К горлу противно подкатывало. Неужели мне когда-то хотелось есть?
«А все этот, — думал я, — кадыкастый! «Рубане-ем»!..»
И, отдирая ножом запекшуюся корку, опять подумал про Леху, как он сидел во время обеда, уставясь в свою миску, и ничего не ел. Стало совсем тошно.
Старший кок приблизился, сказал вкрадчиво:
— Осталось еще две порции каши… Если хотите…
Я отрицательно помотал головой.
Он усмехнулся:
— Как вычистите, залейте водой на две трети.
Так я и сделал. На поверхности воды появились какие-то жирные пятна. Увидев их, старший кок побагровел и неожиданно тонко закричал:
— Вы не юнга, а мокрая курица! Поработайте еще!
Я ничего не ответил — молча смотрел в его сочную физиономию.

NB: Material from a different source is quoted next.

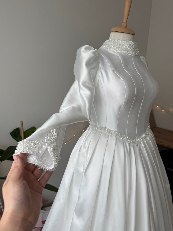Özel dikim dikildi ve ilk sahibi benim. ✅1 defa kullanıldı:) ✅Kuru temizlemesi yapıldı ✅ yeni gibi deforme olmamıştır. ✅duvak ve tarlatan dahil ✅38-40 beden uyumludur. Arkası ipli olduğu için rahatlıkla alabilirsiniz Ben sade tercih ettim ama naçizane fikir verecek olursam İsteğe bağlı üst bedene inci taş işleme yaptırabilirinsiniz. Severek giydim ve çevremde zarifliğini ve modelini çok beğendi. Yeni sahibine şimdiden hayırlı olsun. ✨ Kenarda duracağına ihtiyaç karşılasın diye Fiyatının çok altında satıyorum. Şimdiden alıcısına hayırlı olsun
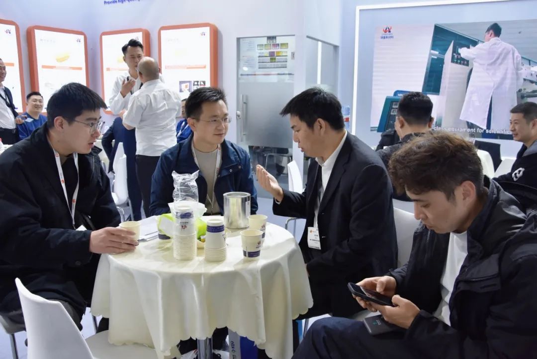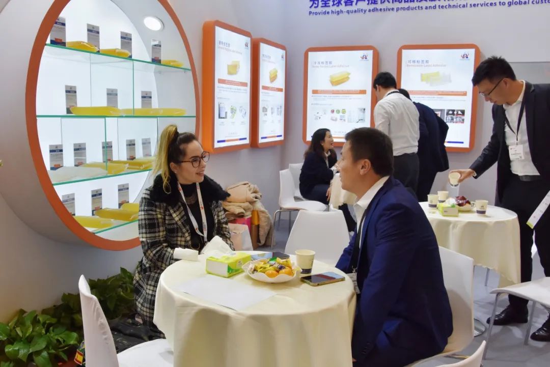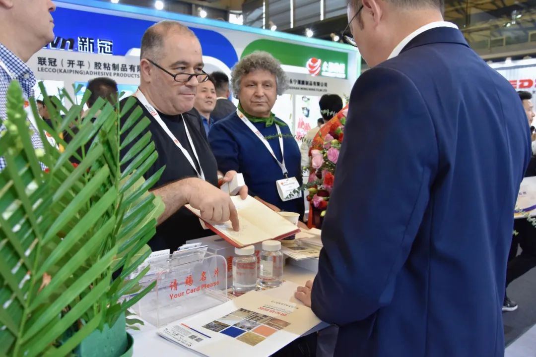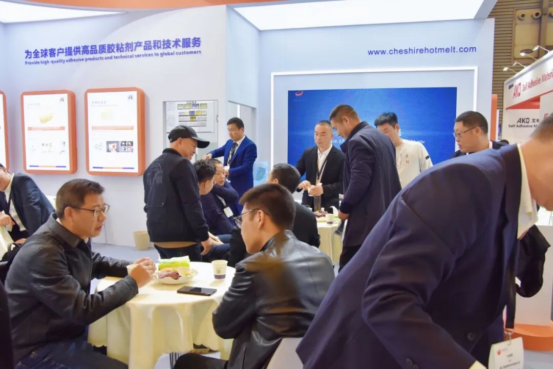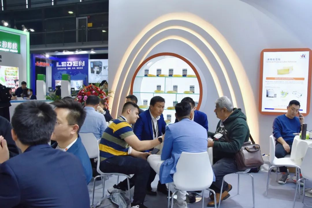 展会首日盛况空前,我司展台人声鼎沸、人气爆棚,观展者络绎不绝,咨询洽谈声此起彼伏,热闹非凡。作为行业挈领者,此次展会我司全面展示全系列标签粘合剂产品及应用解决方案,其中重磅新品惊艳亮相,颠覆传统认知,受到新老客户的高度关注,吸引了俄罗斯、巴西、阿根廷、土耳其、墨西哥、印度、哈萨克斯坦、泰国、新加坡、印度尼西亚、韩国、日本等众多国内外客户驻足观摩、交流合作,一同感受行业技术创新的新跨越。

Я вспомнил: майор Чудинов так и не узнал, что его сына недавно назначили комсоргом.
После ужина опять надо было драить палубу, чистить котлы и носить воду для завтрашнего чая. Руки у меня так пропитались жиром, что не отмывались до скрипа даже горячей водой. Роба пропахла объедками.
Но и этот день кончился.
Я возвращался в роту. Торопливо скрипел снег. Медленно двигался по сторонам черно-белый лес. Чистый воздух был сладким, как мороженое. А ноги подкашивались…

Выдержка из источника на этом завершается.